### Exercise
From the line holding "Dos productores del" through the line holding "Hilsen NaturOasen Løjt Kirkeby" below, write out every line exactly; include both of those lines and drop the pictures.

Start of Block

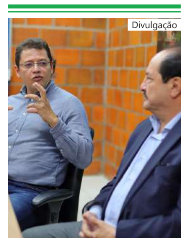
O objetivo é ampliar o acesso da população a serviços adequados de água, esgoto e manejo de resíduos

Este diagnóstico incluirá aspectos como organização comunitária, participação social, abastecimento de água, esgotamento sanitário, manejo de resíduos sólidos e águas pluviais, entre outros.
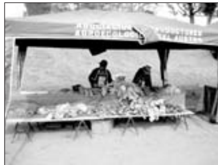
Dos productores del grupo Bajo Invernadero vendiendo hortalizas.
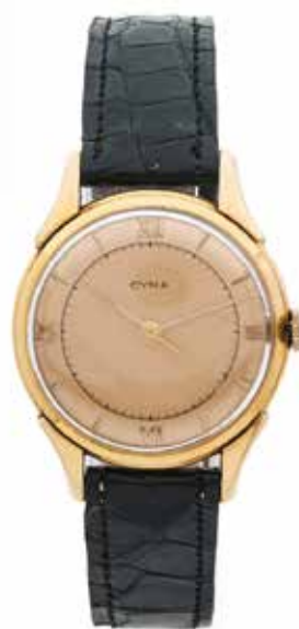
130 CYMA No. 6513 Vers 1960

Montre bracelet en or 18k (750) Boîtier : rond, fond clippé, poinçon de garantie français Cadran : saumon avec minuterie chemin de fer graduation 1/5° de seconde, index appliqués et trotteuse centrale, signé Mouvement : mécanique, 15 rubis, signé Boucle : en métal doré, non signée Diam. 32 mm Poids brut : 34,03 g
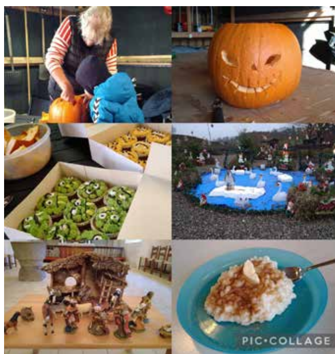
Hilsen NaturOasen Løjt Kirkeby

I december besøger vi Løjtlands Juleland på Løjt Bjergholt, er til julegudstjeneste i Løjt Kirke, hygger, spiser risengrød og ikke mindst af alt: juleafslutning i spejderhytten med juletræslytning og forældrekaffe. I det nye år er vi igen klar med en masse spændende ting og sager, som passer til årstiden.
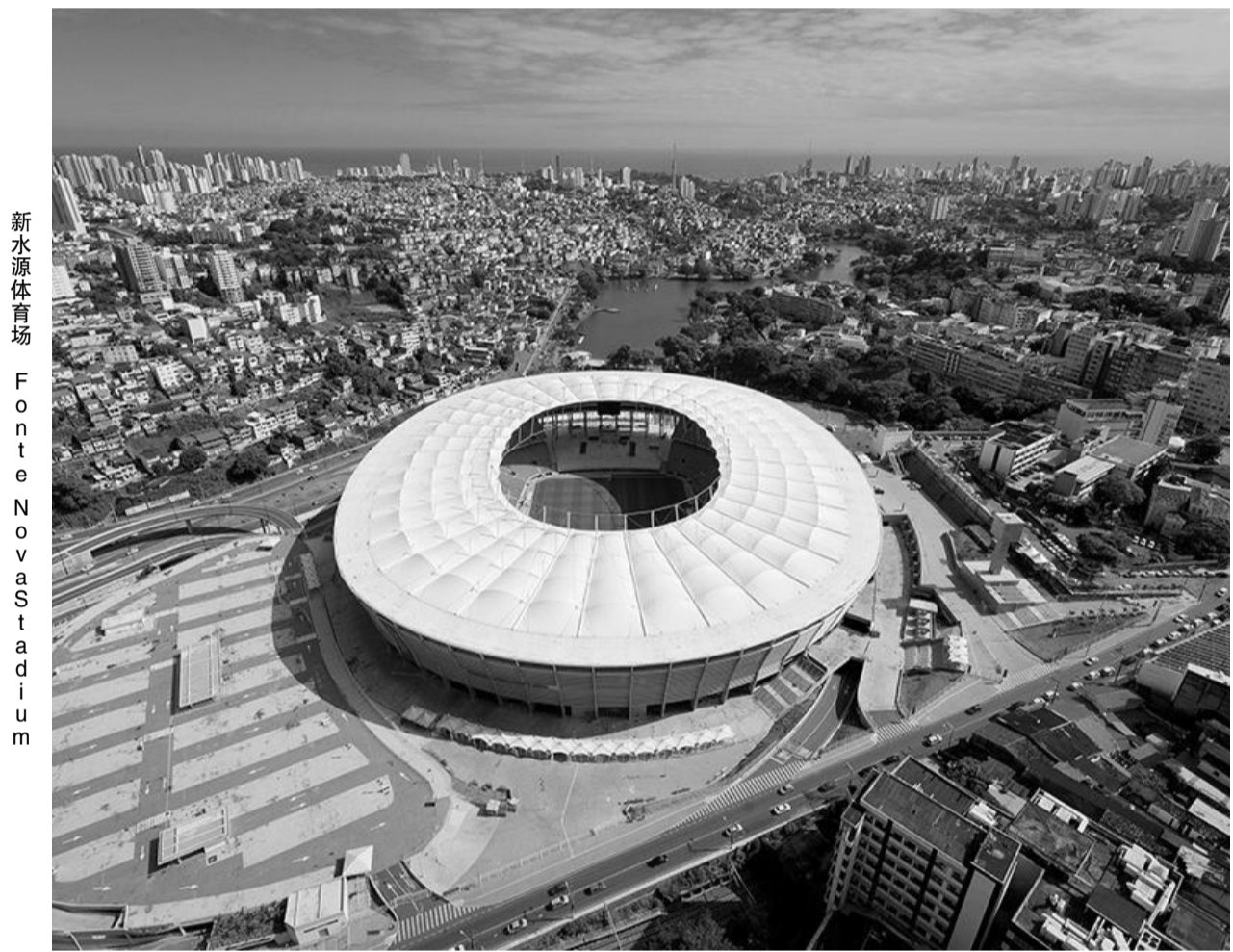
新水源体育场位于巴西萨尔瓦多,于1951年1月28日开放,三年后拆除。2010年新球场在旧址上修建,取代原有水源体育场。新水源体育场建筑高度35米,长250米,看台的南部有一个大型开口。这一开口不仅使体育场内空气流动,同时也使体育场与附近的内城湖泊有了直接的关系,为球场带来了新的空气流通。新水源体育场屋盖为索膜结构,屋盖悬挑63米,替代原来悬挑30米的屋盖。屋盖索膜结构失高最高19米。屋盖膜结构位于上下应力环之间。屋面采用由聚四氟乙烯纤维制造的PTFE膜材料,面积301399平方英尺。

End of Block

### Solution for this problem
Dos productores del grupo Bajo Invernadero vendiendo hortalizas.
130 CYMA No. 6513 Vers 1960

Montre bracelet en or 18k (750) Boîtier : rond, fond clippé, poinçon de garantie français Cadran : saumon avec minuterie chemin de fer graduation 1/5° de seconde, index appliqués et trotteuse centrale, signé Mouvement : mécanique, 15 rubis, signé Boucle : en métal doré, non signée Diam. 32 mm Poids brut : 34,03 g
Hilsen NaturOasen Løjt Kirkeby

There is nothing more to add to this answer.